## Directions
Find the line below with "晚餐烧的,榨菜还得淡点,这种香干偏硬,还是那种五香软点的来得入味。" and the line with "XYZ 40.976,59.044,84.1 Color". Output exactly those lines and everything between them, leaving out the pictures.

## Data section

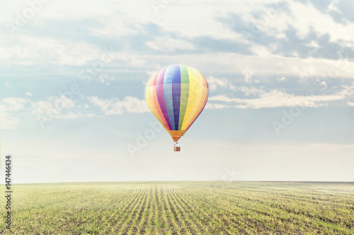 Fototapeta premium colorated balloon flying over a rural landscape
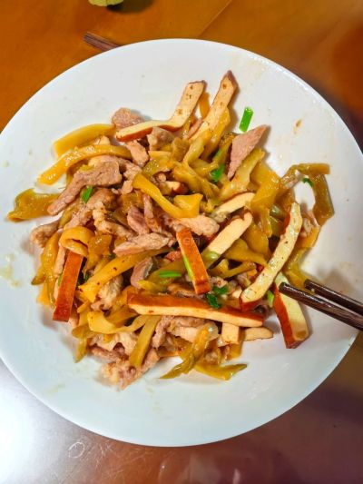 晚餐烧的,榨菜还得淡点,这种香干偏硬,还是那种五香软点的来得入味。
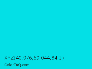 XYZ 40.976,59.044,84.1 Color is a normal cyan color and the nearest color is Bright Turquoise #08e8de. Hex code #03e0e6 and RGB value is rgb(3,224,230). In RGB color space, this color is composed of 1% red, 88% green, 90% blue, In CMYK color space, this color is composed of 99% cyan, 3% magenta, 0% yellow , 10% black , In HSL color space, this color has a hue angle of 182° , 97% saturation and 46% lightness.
* * *
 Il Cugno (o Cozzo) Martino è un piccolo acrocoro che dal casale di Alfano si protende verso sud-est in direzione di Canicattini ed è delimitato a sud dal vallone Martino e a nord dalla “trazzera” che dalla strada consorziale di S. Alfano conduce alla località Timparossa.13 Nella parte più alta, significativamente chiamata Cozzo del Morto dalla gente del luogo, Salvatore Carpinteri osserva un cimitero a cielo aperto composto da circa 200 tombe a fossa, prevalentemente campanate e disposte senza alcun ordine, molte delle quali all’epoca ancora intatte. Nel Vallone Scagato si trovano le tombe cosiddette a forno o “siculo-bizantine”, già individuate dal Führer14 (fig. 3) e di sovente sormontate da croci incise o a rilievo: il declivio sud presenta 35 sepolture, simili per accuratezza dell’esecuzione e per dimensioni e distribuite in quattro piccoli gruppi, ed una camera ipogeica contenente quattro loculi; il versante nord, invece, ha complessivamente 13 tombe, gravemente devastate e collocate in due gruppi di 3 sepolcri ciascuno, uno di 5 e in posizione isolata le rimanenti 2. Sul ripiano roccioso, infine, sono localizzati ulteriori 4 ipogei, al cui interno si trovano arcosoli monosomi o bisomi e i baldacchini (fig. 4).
--
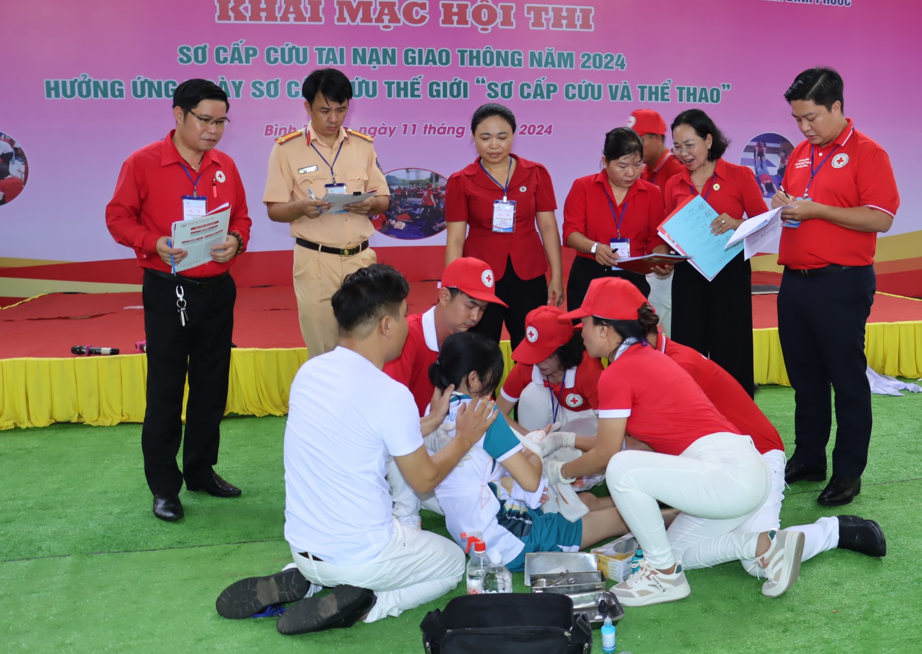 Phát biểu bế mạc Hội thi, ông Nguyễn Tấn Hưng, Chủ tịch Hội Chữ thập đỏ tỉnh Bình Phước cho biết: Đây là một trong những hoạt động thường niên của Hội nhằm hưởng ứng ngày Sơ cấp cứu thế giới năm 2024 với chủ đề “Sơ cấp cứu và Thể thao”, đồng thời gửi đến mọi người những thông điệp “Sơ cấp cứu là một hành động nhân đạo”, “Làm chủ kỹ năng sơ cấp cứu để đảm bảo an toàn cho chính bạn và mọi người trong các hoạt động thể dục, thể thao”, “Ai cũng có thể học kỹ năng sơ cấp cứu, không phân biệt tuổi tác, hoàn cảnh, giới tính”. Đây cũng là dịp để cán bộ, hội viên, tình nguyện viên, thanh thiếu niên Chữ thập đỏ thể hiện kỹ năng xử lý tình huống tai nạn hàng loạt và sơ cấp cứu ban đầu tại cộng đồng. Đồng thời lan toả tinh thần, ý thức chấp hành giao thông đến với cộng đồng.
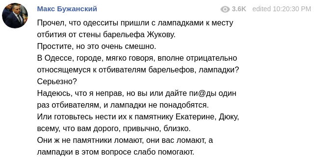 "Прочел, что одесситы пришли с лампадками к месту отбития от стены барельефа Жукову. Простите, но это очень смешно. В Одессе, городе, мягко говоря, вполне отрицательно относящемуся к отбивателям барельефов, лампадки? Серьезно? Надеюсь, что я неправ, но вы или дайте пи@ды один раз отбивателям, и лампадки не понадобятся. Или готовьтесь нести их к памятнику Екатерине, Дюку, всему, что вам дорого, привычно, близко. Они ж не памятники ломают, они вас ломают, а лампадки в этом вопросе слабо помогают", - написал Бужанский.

## Solution to this exercise
 晚餐烧的,榨菜还得淡点,这种香干偏硬,还是那种五香软点的来得入味。
 XYZ 40.976,59.044,84.1 Color is a normal cyan color and the nearest color is Bright Turquoise #08e8de. Hex code #03e0e6 and RGB value is rgb(3,224,230). In RGB color space, this color is composed of 1% red, 88% green, 90% blue, In CMYK color space, this color is composed of 99% cyan, 3% magenta, 0% yellow , 10% black , In HSL color space, this color has a hue angle of 182° , 97% saturation and 46% lightness.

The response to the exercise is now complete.